Democracia significa igualdade, no exercício dos direitos civis, políticos, econômicos, sociais e culturais. Discriminação significa desigualdade, ou seja, toda distinção que tenha por objeto prejudicar ou anular o exercício dos direitos humanos fundamentais. Se democracia e igualdade se confundem, como eliminar a discriminação?
Essa é uma questão fundamental em face do cenário brasileiro, de forte padrão discriminatório. É dramático constatar que, embora as mulheres representem mais da metade da população, sua participação nas esferas sociais ainda esteja muito longe do desejável.
O mesmo vale para a comunidade negra, que representa 42% da população e se vê largamente excluída dos espaços sociais.
Como reagir a esse quadro? A primeira medida é proibir ações discriminatórias. Mas não basta apenas proibir a discriminação, mediante legislação repressiva. É preciso adotar estratégias que estimulem a inserção e inclusão desses grupos nos espaços sociais. A igualdade e a discriminação pairam sob o binômio inclusão-exclusão: a primeira pressupõe formas de inclusão e a segunda implica a violenta exclusão.
A proibição da exclusão, por si só, não resulta na inclusão. Como poderoso instrumento de inclusão social situam-se as ações afirmativas, medidas temporárias que, buscando remediar um passado discriminatório, objetivam acelerar o alcance da igualdade.
Essas ações cumprem uma finalidade decisiva ao projeto democrático, assegurando a diversidade e a pluralidade social, bem como a maior participação de grupos "vulneráveis" nas esferas político-sociais. Por meio delas, transita-se da igualdade formal para a igualdade material.
A adoção de tais medidas está prevista pelas convenções internacionais sobre a mulher (art. 1º, par. 4º, e art. 4º, par. 1º), ambas ratificadas pelo Brasil. A Constituição estabelece importantes dispositivos que demarcam a busca de igualdade material, destacando-se o art. 7º, inciso 20, sobre a proteção do mercado de trabalho da mulher. O Plano Nacional de Direitos Humanos também faz alusão às políticas compensatórias.

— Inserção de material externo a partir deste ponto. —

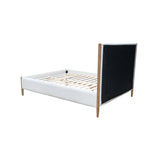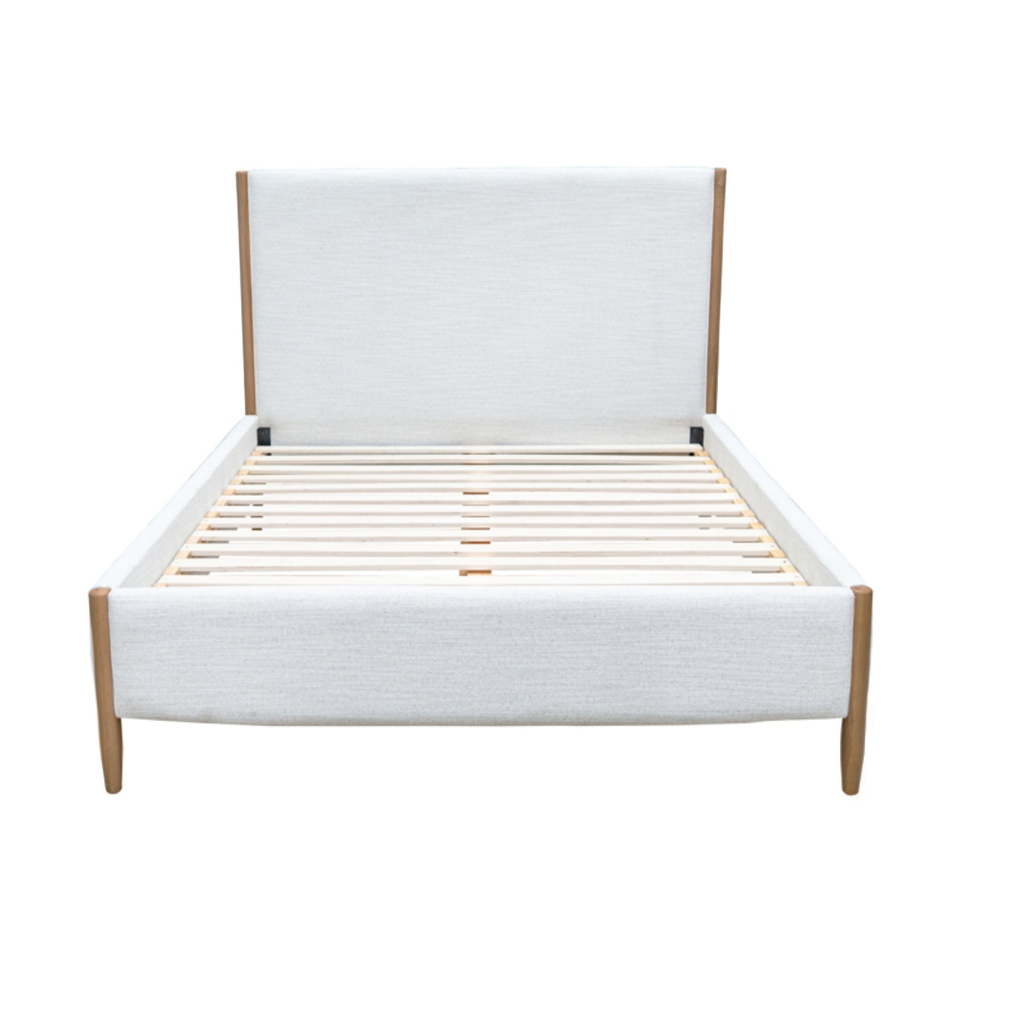 This upholstered bed is crafted for ultimate comfort, featuring a softly padded frame paired with warm oak hues to create a contemporary and inviting design.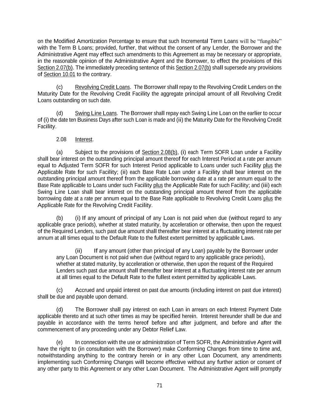 71关于修改后的摊销百分比,以确保此类增量定期贷款将与B期贷款“可替代”;此外,前提是未经任何贷款人同意,借款人和行政代理人可以对本协议进行行政代理人和借款人合理认为必要或适当的修订,以实施本节2.07(b)的规定。本条第2.07(b)条的前一句应取代第10.01条的任何相反规定。(c)循环信用贷款。借款人应于循环信贷融资到期日向循环信贷贷款人偿还在该日期未偿还的所有循环信贷贷款的本金总额。(d)周转线路贷款。借款人须于(i)作出该等贷款后十个营业日的日期及(ii)循环信贷融资的到期日的较早者偿还每笔周转额度贷款。2.08利息。(a)除第2.08(b)条的条文另有规定外,(i)融资项下的每笔定期SOFR贷款须按相当于适用于该融资项下贷款的该等利息期的调整后定期SOFR加上该融资项下适用利率的年利率,对每个利息期的未偿本金金额承担利息;(ii)融资项下的每笔基本利率贷款须按相当于适用于该融资项下贷款的基本利率加上该融资项下适用利率的年利率,对自适用借款日起的未偿本金金额承担利息;(iii)每笔周转额度贷款须按相当于适用于循环信贷贷款的基准利率加上适用于循环信贷融资的利率的年利率,对其自适用借款日期起的未偿还本金金额承担利息。(b)(i)如任何贷款的任何本金未在到期时支付(不考虑任何适用的宽限期),不论是在规定的到期日、通过加速或其他方式,则根据所需贷款人的请求,该逾期金额此后应在适用法律允许的最大范围内按等于违约率的任何时间的浮动年利率计息。(ii)如借款人根据任何贷款文件应付的任何款额(任何贷款的本金除外)未在到期时(不考虑任何适用的宽限期)支付,不论是在规定的到期日、通过加速或其他方式,则应所需贷款人的请求,该逾期款额其后须按在适用法律允许的最大限度内按等于违约率的任何时间的浮动年利率计息。(c)逾期款项的应计未付利息(包括逾期未付利息)应按要求到期应付。(d)借款人须在适用于每笔贷款的付息日及在本条所指明的其他时间,就每笔拖欠贷款支付利息。本协议项下的利息应在判决前后以及任何债务人救济法下的任何程序启动前后按照本协议的条款到期支付。(e)就使用或管理定期SOFR而言,行政代理人将有权(在与借款人协商后)不时作出符合规定的变更,尽管本协议或任何其他贷款文件中有任何相反的规定,但实施此类符合规定的变更的任何修订将生效,而无需本协议或任何其他贷款文件的任何其他方采取任何进一步行动或同意。行政代理人将及时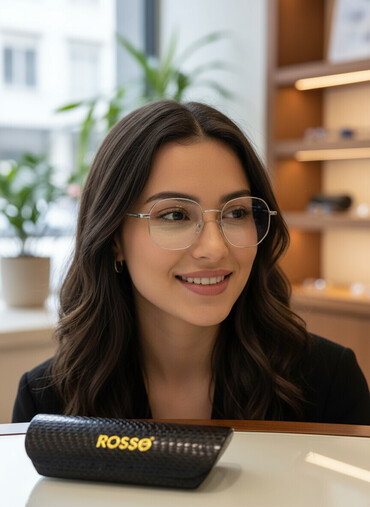 ROSSO oftalmoloji eynək linzələri və aksesuarları - Brend: ROSSO (Ophthalmic Lenses) - Məhsul: optik eynək linzələri ilə klassik metal çərçivələr - Linzalar: gündəlik istifadə üçün şəffaf, işıq ək...

Ações afirmativas, igualdade e democracia compõem um trinômio indissociável, em que as ações afirmativas levam à igualdade, e esta assegura a democracia. Se a igualdade não é um dado, mas uma invenção histórica (como dizia Hannah Arendt), que possamos recriar o valor da igualdade com alternativas capazes de transformar a paisagem brasileira.